• **TASK INPUT**:
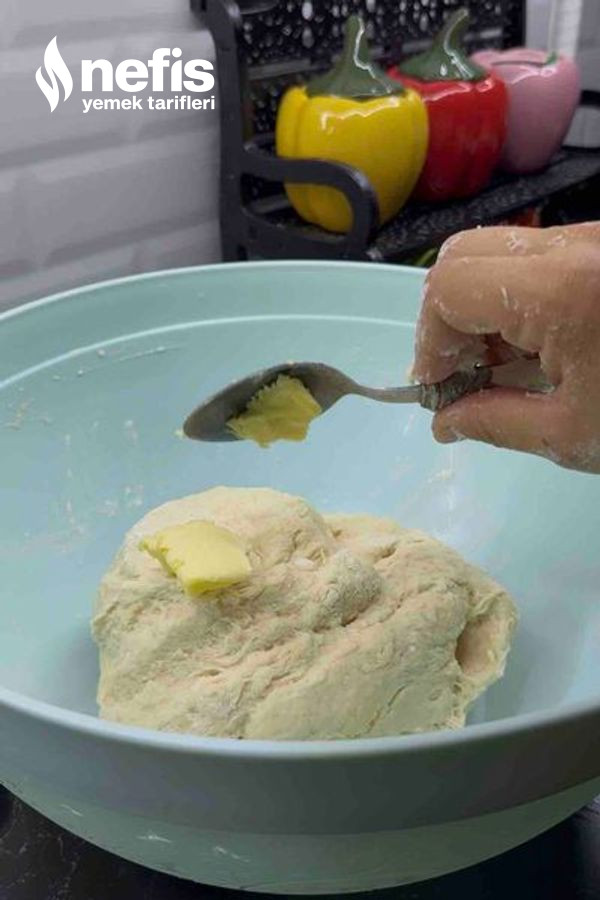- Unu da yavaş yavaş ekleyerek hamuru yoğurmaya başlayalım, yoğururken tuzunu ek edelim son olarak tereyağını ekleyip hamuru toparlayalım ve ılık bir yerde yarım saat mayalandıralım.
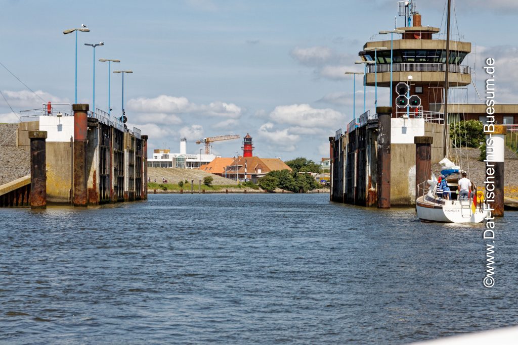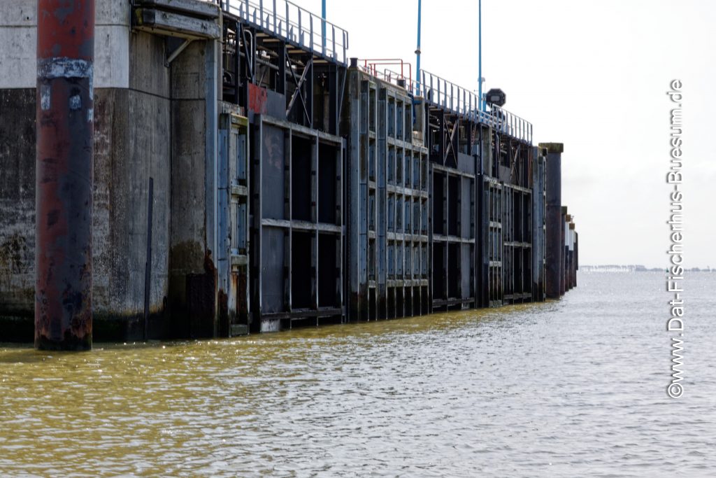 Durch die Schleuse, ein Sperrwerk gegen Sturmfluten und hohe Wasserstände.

---

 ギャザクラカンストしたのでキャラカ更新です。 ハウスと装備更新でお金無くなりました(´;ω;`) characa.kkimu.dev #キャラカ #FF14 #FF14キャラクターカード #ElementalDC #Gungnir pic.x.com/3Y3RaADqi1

---

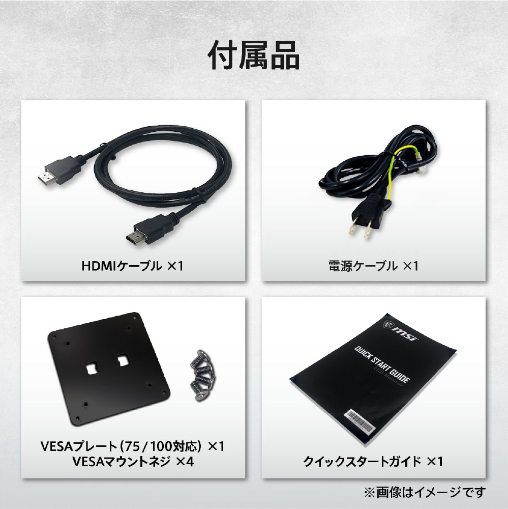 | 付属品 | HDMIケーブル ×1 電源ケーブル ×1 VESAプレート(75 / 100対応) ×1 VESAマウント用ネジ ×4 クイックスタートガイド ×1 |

• **WORK REQUIRED**: Taking the entries above, extract every line from the one bearing "- Unu da yavaş" through the one bearing "Durch die Schleuse, ein", exactly, with no pictures.

• **RESULT**:
- Unu da yavaş yavaş ekleyerek hamuru yoğurmaya başlayalım, yoğururken tuzunu ek edelim son olarak tereyağını ekleyip hamuru toparlayalım ve ılık bir yerde yarım saat mayalandıralım.
 Durch die Schleuse, ein Sperrwerk gegen Sturmfluten und hohe Wasserstände.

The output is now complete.